Excerpts from a dataset
Segment Open

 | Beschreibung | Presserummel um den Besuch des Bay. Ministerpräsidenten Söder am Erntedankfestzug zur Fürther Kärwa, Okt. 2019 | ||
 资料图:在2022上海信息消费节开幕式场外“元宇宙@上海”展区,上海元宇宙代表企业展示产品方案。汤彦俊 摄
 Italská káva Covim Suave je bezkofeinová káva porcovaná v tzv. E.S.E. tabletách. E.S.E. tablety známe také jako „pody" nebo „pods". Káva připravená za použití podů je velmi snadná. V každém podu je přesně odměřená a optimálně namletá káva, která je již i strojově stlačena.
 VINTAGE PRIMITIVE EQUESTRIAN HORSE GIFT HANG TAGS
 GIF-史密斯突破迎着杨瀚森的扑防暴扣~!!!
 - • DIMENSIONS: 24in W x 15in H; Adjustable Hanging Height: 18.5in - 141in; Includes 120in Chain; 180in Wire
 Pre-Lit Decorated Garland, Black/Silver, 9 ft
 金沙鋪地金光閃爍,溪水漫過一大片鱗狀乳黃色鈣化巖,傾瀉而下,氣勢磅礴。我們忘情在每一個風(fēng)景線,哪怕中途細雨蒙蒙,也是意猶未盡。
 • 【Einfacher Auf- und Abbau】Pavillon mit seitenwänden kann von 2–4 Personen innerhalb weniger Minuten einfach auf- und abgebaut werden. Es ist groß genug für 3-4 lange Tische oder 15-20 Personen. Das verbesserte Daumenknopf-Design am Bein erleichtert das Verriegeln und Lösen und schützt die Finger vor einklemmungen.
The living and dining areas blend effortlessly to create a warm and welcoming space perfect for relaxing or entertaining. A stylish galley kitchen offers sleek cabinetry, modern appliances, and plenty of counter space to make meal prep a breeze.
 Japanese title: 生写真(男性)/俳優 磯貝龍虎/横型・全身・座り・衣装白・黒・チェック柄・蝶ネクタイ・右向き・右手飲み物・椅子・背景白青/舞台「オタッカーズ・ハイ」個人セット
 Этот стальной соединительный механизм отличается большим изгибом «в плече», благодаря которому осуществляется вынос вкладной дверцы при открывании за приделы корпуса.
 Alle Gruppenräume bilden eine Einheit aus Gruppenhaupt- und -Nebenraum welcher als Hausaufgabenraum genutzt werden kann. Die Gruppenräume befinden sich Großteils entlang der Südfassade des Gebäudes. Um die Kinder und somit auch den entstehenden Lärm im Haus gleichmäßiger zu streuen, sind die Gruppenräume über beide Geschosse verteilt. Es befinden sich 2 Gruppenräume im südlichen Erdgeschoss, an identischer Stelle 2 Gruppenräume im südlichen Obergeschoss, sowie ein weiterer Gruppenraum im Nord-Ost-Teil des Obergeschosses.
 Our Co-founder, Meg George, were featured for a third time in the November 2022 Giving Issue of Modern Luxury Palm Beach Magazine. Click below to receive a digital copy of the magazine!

Segment Closed

- [Work to complete] Lines from the entries that contain the string "kann" must be found and copied.

- [Response below]
 • 【Einfacher Auf- und Abbau】Pavillon mit seitenwänden kann von 2–4 Personen innerhalb weniger Minuten einfach auf- und abgebaut werden. Es ist groß genug für 3-4 lange Tische oder 15-20 Personen. Das verbesserte Daumenknopf-Design am Bein erleichtert das Verriegeln und Lösen und schützt die Finger vor einklemmungen.
 Alle Gruppenräume bilden eine Einheit aus Gruppenhaupt- und -Nebenraum welcher als Hausaufgabenraum genutzt werden kann. Die Gruppenräume befinden sich Großteils entlang der Südfassade des Gebäudes. Um die Kinder und somit auch den entstehenden Lärm im Haus gleichmäßiger zu streuen, sind die Gruppenräume über beide Geschosse verteilt. Es befinden sich 2 Gruppenräume im südlichen Erdgeschoss, an identischer Stelle 2 Gruppenräume im südlichen Obergeschoss, sowie ein weiterer Gruppenraum im Nord-Ost-Teil des Obergeschosses.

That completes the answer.